Nachdem wir die Marina Pointe du Bout verlassen haben, werfen wir den Anker vor „Le Carbet“. Wir genießen drei Tage dort und besuchen die Bar Le Wahoo. Hier gibt es den Mega-Cocktail Despejito – eine Mischung aus Mojito und Desperados. Unglaublich lecker! Dann geht es für uns weiter.

Wir liegen in der traumhaften Bucht Anse Couleuvre auf Martinique vor Anker, um unsere nächste Überfahrt zur Insel Marie-Galante vorzubereiten. Am nächsten Tag werden wir in den frühen Morgenstunden plötzlich von einem merkwürdigen Piepton geweckt. Wir schrecken hoch und stellen fest, dass wir keinen Strom mehr an Bord haben. Panisch rennen wir durch die KAMI und suchen den Fehler, prüfen Sicherungen, Systeme, Schalter – alles drin, alles normal … nur eben komplett ohne Strom. Die Batterien liefern nur noch rund 10 Volt. Mike ruft kurzerhand unseren Elektriker Matthias an, der die komplette Elektrik auf der KAMI neu aufgebaut hat. Zum Glück geht er sofort ans Telefon. Nach einem kurzen Gespräch schaltet er sich von Mallorca aus auf unser Victron-System und prüft alles remote. Und dann kommt der Hammer: Unsere Batterien sind komplett leer, obwohl das System am Abend vorher noch 60 % Kapazität angezeigt hatte!
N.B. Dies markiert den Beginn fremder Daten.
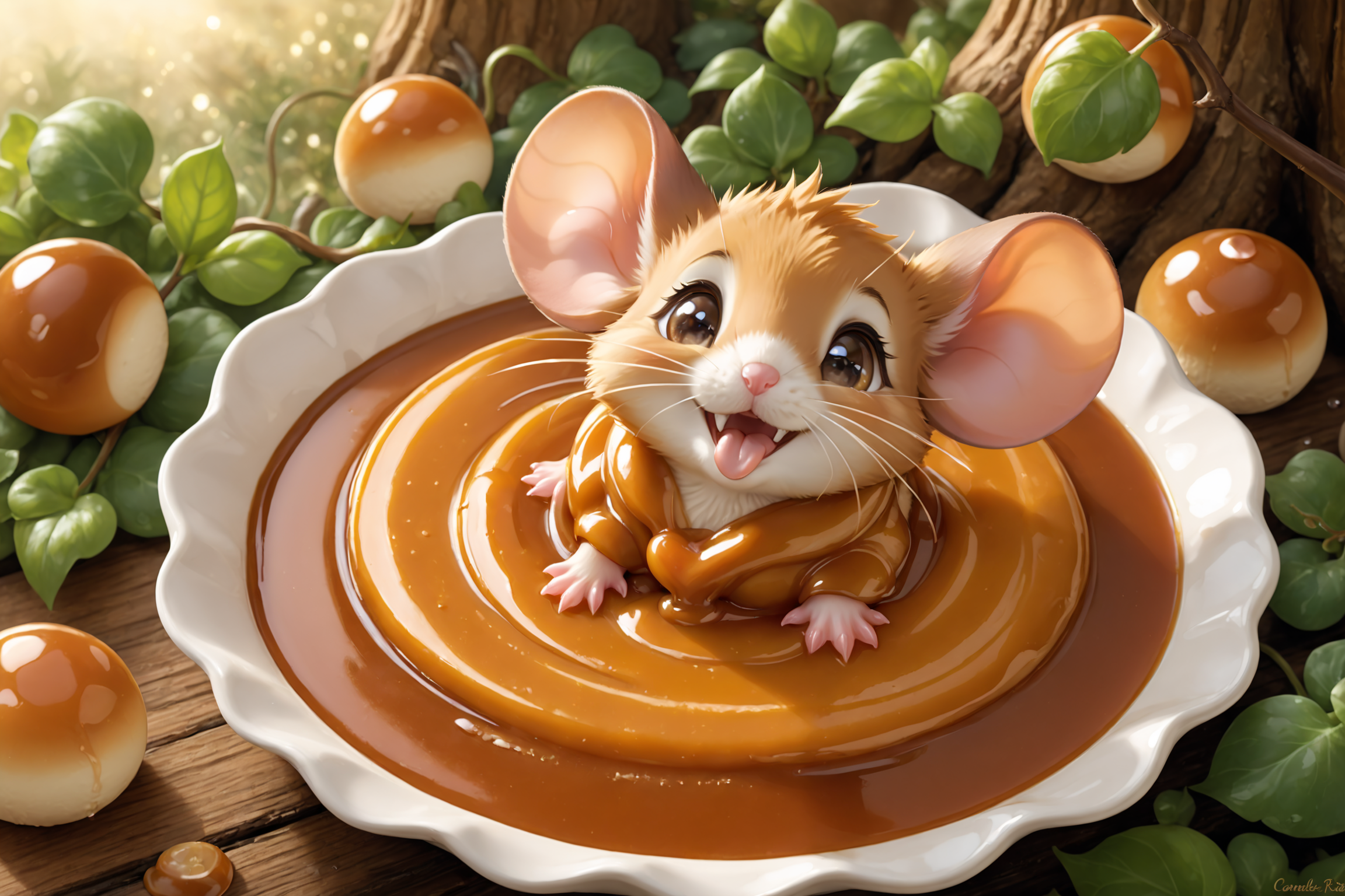 a little mouse with small ears, whiskers, caramel-shimmer fur with a soft glow, solo, caramel, caramel sauce, with dulce de leche fur, rich and deep with a warm radiance, caramel, caramel sauce, silly grin with caramel playfulness, tongue out, eyes wide, caramel, caramel sauce, a cozy forest with caramel-dripped vines, trees with caramel bark, dappled sunlight with caramel glow, detailed background, caramel, caramel sauce, playing with caramel marbles, rolling them with paws, caramel marbles glowing softly, caramel, caramel sauce, adoring, heart-shaped eyes with caramel sparkles, caramel, caramel sauce, portrait focus, close-up shot, a pastel valley picnic with animals sharing caramel treats, tiny caramel baskets, caramel pastel valley, caramel, caramel sauce, a tiny caramel backpack, on its back, caramel, caramel sauce, on a caramel mushroom cap, soft and glowing with caramel light, caramel, caramel sauce, humid with caramel mist, misty air with caramel scent, dewdrops of caramel on surfaces, warm caramel atmosphere, caramel, caramel sauce, dawn with caramel radiance, soft pink and orange hues with caramel glow, early caramel light, fresh air with caramel scent, caramel, caramel sauce, best quality, vibrant colors, realistic style, high detail, high-definition, hyper-realistic, extremely high-resolution details, fine texture, incredibly lifelike, realistic, not cartoon, not drawing, highres, 4K resolution, source photo, realistic photo, masterpiece, best quality, amazing quality, very aesthetic, ultra-detailed, detailed textures, natural lighting, soft light, caramel, caramel sauce, caramel cream tones, soft and creamy caramel shades with a subtle glow, caramel, caramel sauce, gentle caramel glow, soft and soothing, caramel, caramel sauce, dynamic angle, wide shot, <lora:caramel gmr lora:0.5>

Laut Matthias war die Kalibrierung fehlerhaft – vermutlich durch ein Server-Update von Victron. Offenbar waren wir schon länger mit viel zu wenig Spannung unterwegs, ohne es zu wissen. Zum Glück hatte Mike damals darauf bestanden, den Generator mit einer separaten Batterie abzusichern, denn wir konnten nicht einmal die Maschinen starten. Also: Generator an, durchatmen und weiter.
Matthias setzt die Batterieanzeige komplett auf null. Jetzt muss der Generator laufen, bis wir wieder bei echten 100 % sind – und diesmal sind 100 % auch wirklich 100 %. Bei LiFePO₄-Batterien entspricht das 14,7 Volt.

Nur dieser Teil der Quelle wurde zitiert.